October 16, 2022 - #4857 Music & the Spoken Word
The Music & the Spoken Word broadcast airs live via TV, radio, and internet stream on Sunday at 9:30 a.m. mountain time. For information on other airtimes, visit “Airing Schedules” at musicandthespokenword.org.
Music
Conductor: Mack Wilberg
Organist: Andrew Unsworth
Announcer: Lloyd Newell
“When in Our Music God Is Glorified”
Music: Traditional English melody
Lyrics: Fred Pratt Green
Arrangement: Emily Crocker
“For the Beauty of the Earth”1
Music: John Rutter
Lyrics: Folliott S. Pierpoint
Menuet gothique, from Suite gothique (organ solo)
Music: Léon Boëllmann
“I Sing the Mighty Power of God”1
Music: English melody
Lyrics: Isaac Watts
Arrangement: Mack Wilberg
“What a Wonderful World”
Music and Lyrics: George David Weiss and Bob Thiele
Arrangement: Mack Wilberg
“Morning Has Broken”1
Music: Gaelic melody
Lyrics: Eleanor Farjeon
Arrangement: Mack Wilberg
“Let Us All Press On”2
Music and Lyrics: Evan Stephens
Arrangement: Richard Elliott
- From the album Consider the Lilies.
- From the album Let Us All Press On.
The Spoken Word
“Patches of Godlight”
(Recorded with Lloyd Newell at The Kilns, outside Oxford, England)
The Kilns
I’m standing in front of a home called “The Kilns,” located in Headington just outside of Oxford, England. The home got its name from the fact that it was built on a brickworks site long ago. It’s a lovely house surrounded by beautiful gardens, but it would be unremarkable except for the fact that the beloved writer and Oxford University professor C. S. Lewis lived here for more than 30 years until his death in 1963. He wrote his most notable books here, including The Chronicles of Narnia, The Screwtape Letters, and Mere Christianity to name a few.
This charming spot recalls these words Lewis wrote: “Any patch of sunlight in a wood will show you something about the sun which you could never get from reading books on astronomy. These pure and spontaneous pleasures are ‘patches of Godlight’ in the woods of our experience.”1
As Lewis well knew, you can’t always predict when a patch of sunlight or a patch of “Godlight” will shine into your life. But you can put yourself in a position to receive that light, because God, like the sun, is always there, whether or not we recognize Him.
Lewis himself, for example, was an atheist in his early teens and through his 20s. But then his faith in Christianity was rekindled with the help of his close friend and fellow professor J. R. R. Tolkien.

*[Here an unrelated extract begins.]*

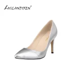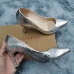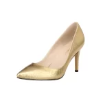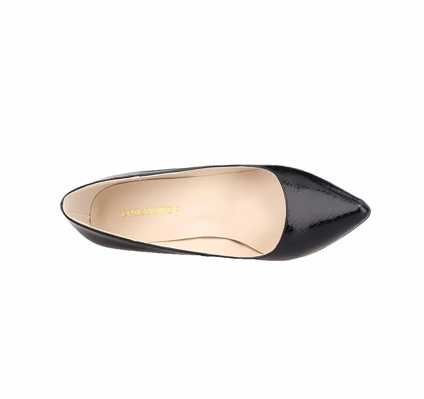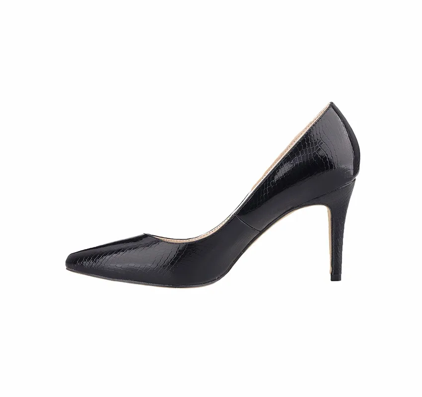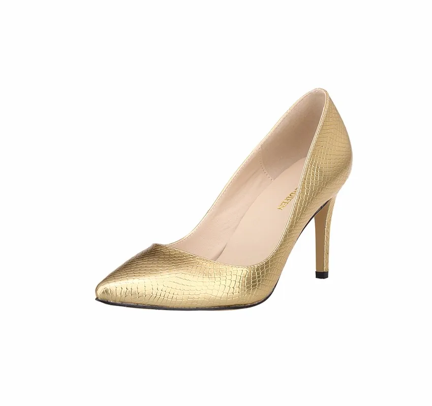Zapatos de tacón alto con estampado de cocodrilo para mujer, tacones altos con punta puntiaguda, tacones medios para oficina, zapatos de boda dorados y plateados de talla grande, 8cm

Lewis called himself a “most reluctant convert to faith,”2 but once converted—once that patch of Godlight arrived—he believed with his whole heart, mind, and soul.
C. S. Lewis spent the rest of his days teaching about God and His love. “The great thing to remember,” he explained, “is that, though our feelings come and go, [God’s] love for us does not.”3
Holy Trinity Church
A memorial to C. S. Lewis sits in Poets’ Corner at Westminster Abbey in London, placed there on the 50th anniversary of Lewis’s death. His actual gravesite is just a few miles from The Kilns, here in the peaceful surroundings of Holy Trinity Church. Inside the church are reminders of his life, including a plaque on the pew where he sat. But perhaps the most touching monument to C. S. Lewis’s life and faith is the “Narnia window,” a fitting reminder to do what he did: seek for and find light—patches of Godlight.
- C. S. Lewis, Letters to Malcolm: Chiefly on Prayer, (1963), 91.
- In David C. Downing, “C. S. Lewis as Atheist Turned Apostle,” C. S. Lewis (blog), May 2, 2012, cslewis.com.
- C. S. Lewis, Mere Christianity, rev. ed. (1952), 102–3.